Saturday, March 19, 2011

The One Trimester

I don't particularly enjoy being pregnant. Overall, the experience is a phenomenal one studded with countless awesome moments, but on a daily basis it's a drag. Clumsiness becomes a real threat. Clothing is particularly ill-fitting, uncomfortable, hard to find, and expensive. The ability to multitask might as well be a superpower. Less energy. No whiskey. Moodiness. Unpredictable appetite. No whiskey.

The first trimester is especially rough in its own special ways. I'm not fond of morning sickness, but even worse than relentless nausea is the encouraged fear of early miscarriage and resulting pressure to remain tentative and secretive about one's pregnancy for the first thirteen weeks. Besides being contrary to all joyous instincts, this strategy requires months of white lies and the avoidance of potential support during a particularly physically and emotionally vulnerable time.

I am a tall, skinny person and my body did nothing to conceal my second pregnancy beyond the first eight weeks. People regularly guessed I was four or five months along when I was only two, so I went ahead with an announcement as soon as my doctor confirmed a fetal heartbeat at ten weeks.

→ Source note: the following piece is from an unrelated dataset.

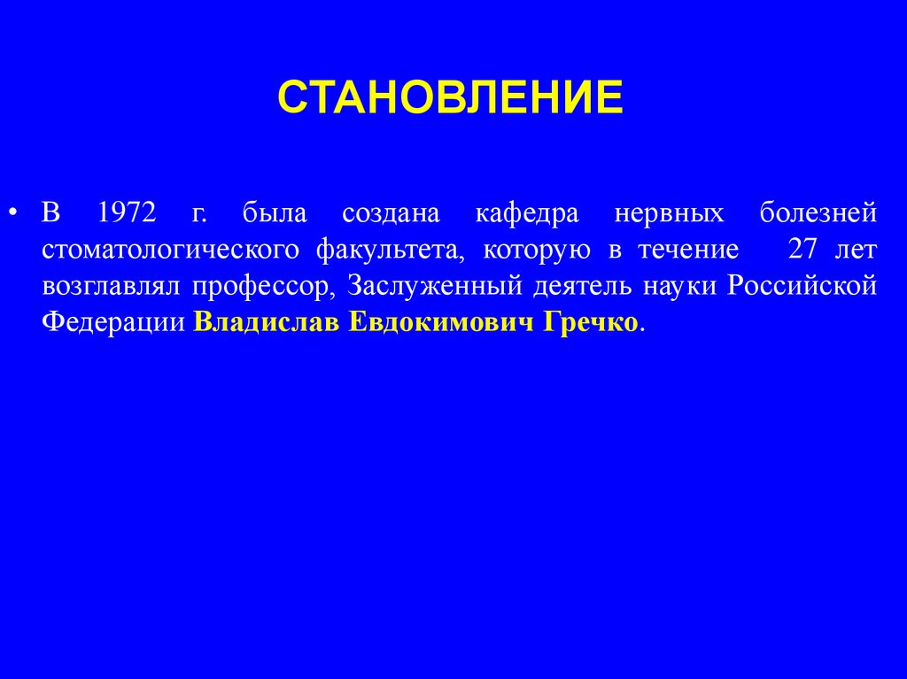 СТАНОВЛЕНИЕ• В 1972 г. была создана кафедра нервных болезней

When I miscarried a few days into my second trimester, I decided to report the sad news in one big, awful bandage rip of an email rather than suffer the same traumatic conversation over and over again. Also important was my impulse to curate this disclosure instead of abandoning such personal news to gossip and scattershot word of mouth. The correspondences that resulted, like the miscarriage itself, triggered in me wave after wave of sorrow but also delivered an unexpected catharsis and swell of new strength.

It's true that early miscarriage is surprisingly common. It's also true that acting on the initial desire to celebrate a wanted pregnancy can undermine the eventual wish to mourn a lost pregnancy in private. If I'd been able to wipe news of my pregnancy from everyone's memory, thus sparing myself any obligation to disclose and discuss my miscarriage, I imagine I would've gone that route in a second. Still, in the same way that I suffer those first trimester white lies, I'm relieved to have shed what would have been a heavy secret and lonesome sadness in favor of the stories and support I've been offered by so many wise, kindhearted people.